## EXERCISE REQUIREMENTS
Every line below needs to be printed again exactly, without any of its pictures.

=== DATA SEGMENT ===

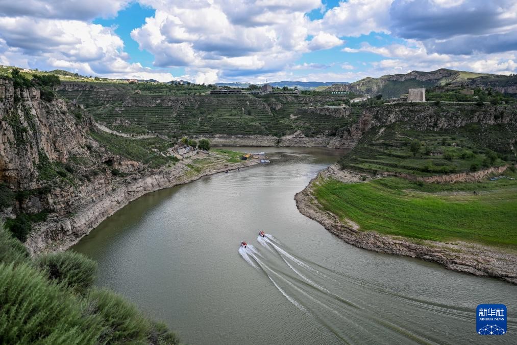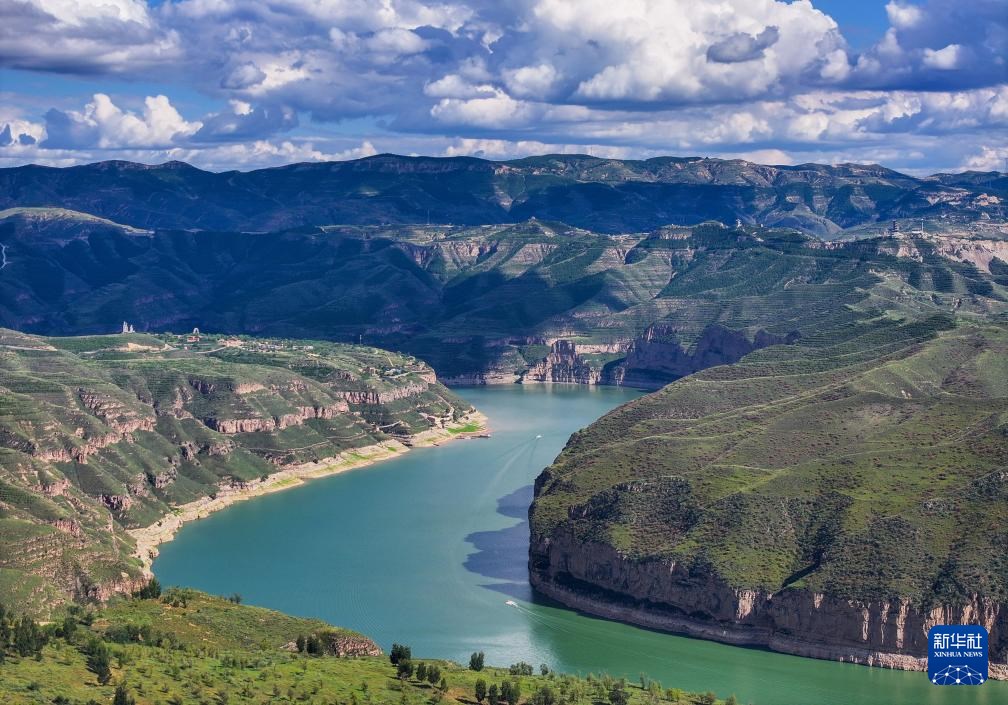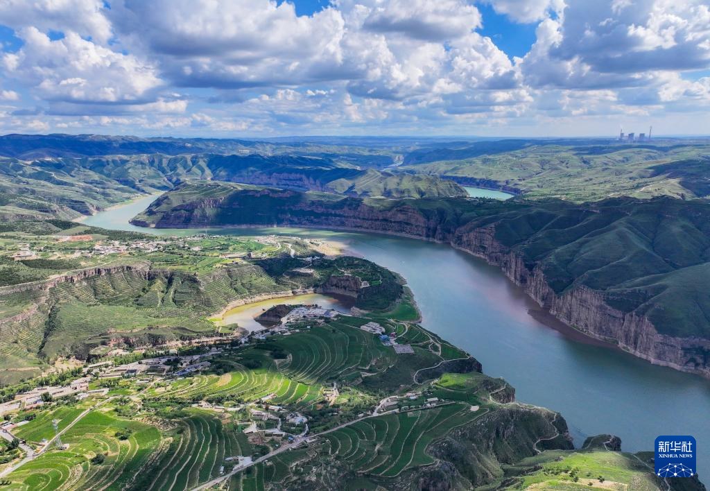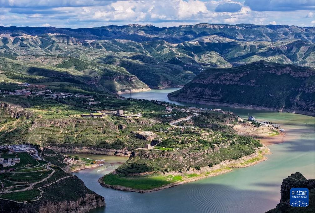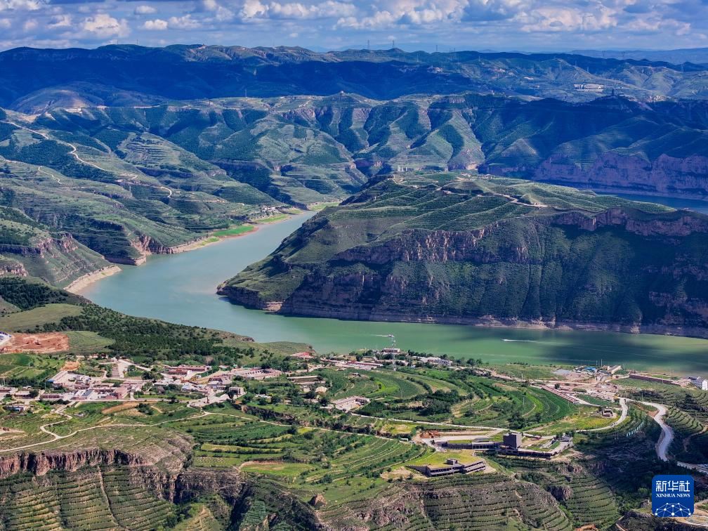 ??這是8月12日拍攝的黃河老牛灣風(fēng)光(無人機照片)。
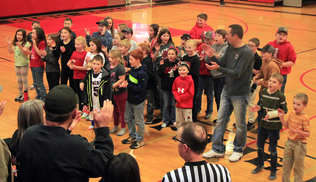Jon Rehder leads Prairie Elementary students, the Poeewee Pirates, in
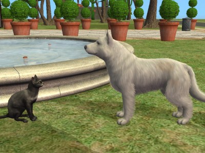 Just a random picture of a cat and a dog, standing outside May's house. (It's huge!)
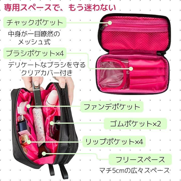 「計算された多機能ポケット」メイク道具収納に特化した大小の仕切りが、驚くほどの整理整頓力を実現。

===

## WRITTEN RESPONSE
 ??這是8月12日拍攝的黃河老牛灣風(fēng)光(無人機照片)。
Jon Rehder leads Prairie Elementary students, the Poeewee Pirates, in
 Just a random picture of a cat and a dog, standing outside May's house. (It's huge!)
 「計算された多機能ポケット」メイク道具収納に特化した大小の仕切りが、驚くほどの整理整頓力を実現。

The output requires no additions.